Let D, E and F be the three points which divide internally the three sides AB, BC and CA, respectively, of a triangle ABC in the ratio of $k:(1-k)$, where $0 < k \leq \frac{1}{2}$.
(1) When $k = \frac{1}{3}$, we are to find how many times greater the area of triangle ABC is than the area of triangle DEF. Since
$$\triangle\mathrm{ADF} = \triangle\mathrm{BED} = \triangle\mathrm{CFE} = \frac{\mathbf{M}}{\mathbf{N}} \triangle\mathrm{ABC},$$
it follows that
$$\triangle\mathrm{ABC} = \mathbf{O}\, \triangle\mathrm{DEF}.$$
(2) The area of the triangle DEF is half of the area of the triangle ABC when
$$k(1-k) = \frac{\mathbf{P}}{\mathbf{Q}},$$
that is, when
$$k = \frac{\mathbf{R} - \sqrt{\mathbf{S}}}{\mathbf{T}}.$$

Let $\vec{a}$ and $\vec{b}$ be two vectors such that $|\vec{a}| = 1$, $|\vec{b}| = 2$ and the angle formed by $\vec{a}$ and $\vec{b}$ is $60^\circ$. Set $\vec{u} = x\vec{a} + \vec{b}$ and $\vec{v} = x\vec{a} - \vec{b}$ for a real number $x$. When $x > 1$, we are to find the value of $x$ such that the angle formed by $\vec{u}$ and $\vec{v}$ is $30^\circ$. In the following, $\vec{u} \cdot \vec{v}$ denotes the inner product of $\vec{u}$ and $\vec{v}$, and $\vec{a} \cdot \vec{b}$ denotes the inner product of $\vec{a}$ and $\vec{b}$.

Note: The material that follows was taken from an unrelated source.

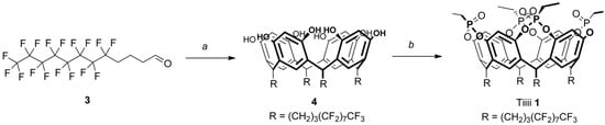 Unless stated otherwise, reactions were conducted in flame-dried glassware under an atmosphere of argon using anhydrous solvents (either freshly distilled or passed through activated alumina columns). All commercially obtained reagents were used as received unless otherwise specified. Silica column chromatography was performed using silica gel 60 (Fluka 230–400 mesh or Merck 70–230 mesh). NMR spectra were obtained using a Bruker AVANCE 400 (400 MHz) spectrometer at 298 K. 1H NMR chemical shifts (δ) were reported in ppm relative to the proton resonances resulting from incomplete deuteration of the NMR solvents. 19F NMR chemical shifts (δ) were reported in ppm relative to external CF3COOH. 31P NMR chemical shifts (δ) were reported in ppm relative to external 85% H3PO4. High-resolution MALDI-TOF was performed on an AB SCIEX MALDI TOF-TOF 4800 Plus (matrix: α-cyano-4-hydroxycinnamic acid). High resolution ESI-LTQ Orbitrap MS analyses were performed with a Linear Trap Quadrupole-Orbitrap mass spectrometer. 1H,1H,2H,2H,3H,3H-heptadecafluorododecanal (3) [28] and resorcinarene 6 [38] were prepared according to methods in the literature. The adopted nomenclature follows an established rule [13].

First of all, since the angle formed by $\vec{u}$ and $\vec{v}$ is $30^\circ$, we obtain $$(\vec{u} \cdot \vec{v})^2 = \frac{\mathbf{A}}{\mathbf{B}}|\vec{u}|^2|\vec{v}|^2.$$
When we express this equation in terms of $x$, noting $\vec{a} \cdot \vec{b} = \mathbf{C}$, we have $$x^4 - \mathbf{DE}x^2 + \mathbf{FG} = 0.$$
By transforming this, we also have $$\left(x^2 - \mathbf{H}\right)^2 = (\mathbf{I}x)^2.$$
When this is solved for $x$, we obtain $$x = \mathbf{J} + \sqrt{\mathbf{KL}},$$ noting $x > 1$.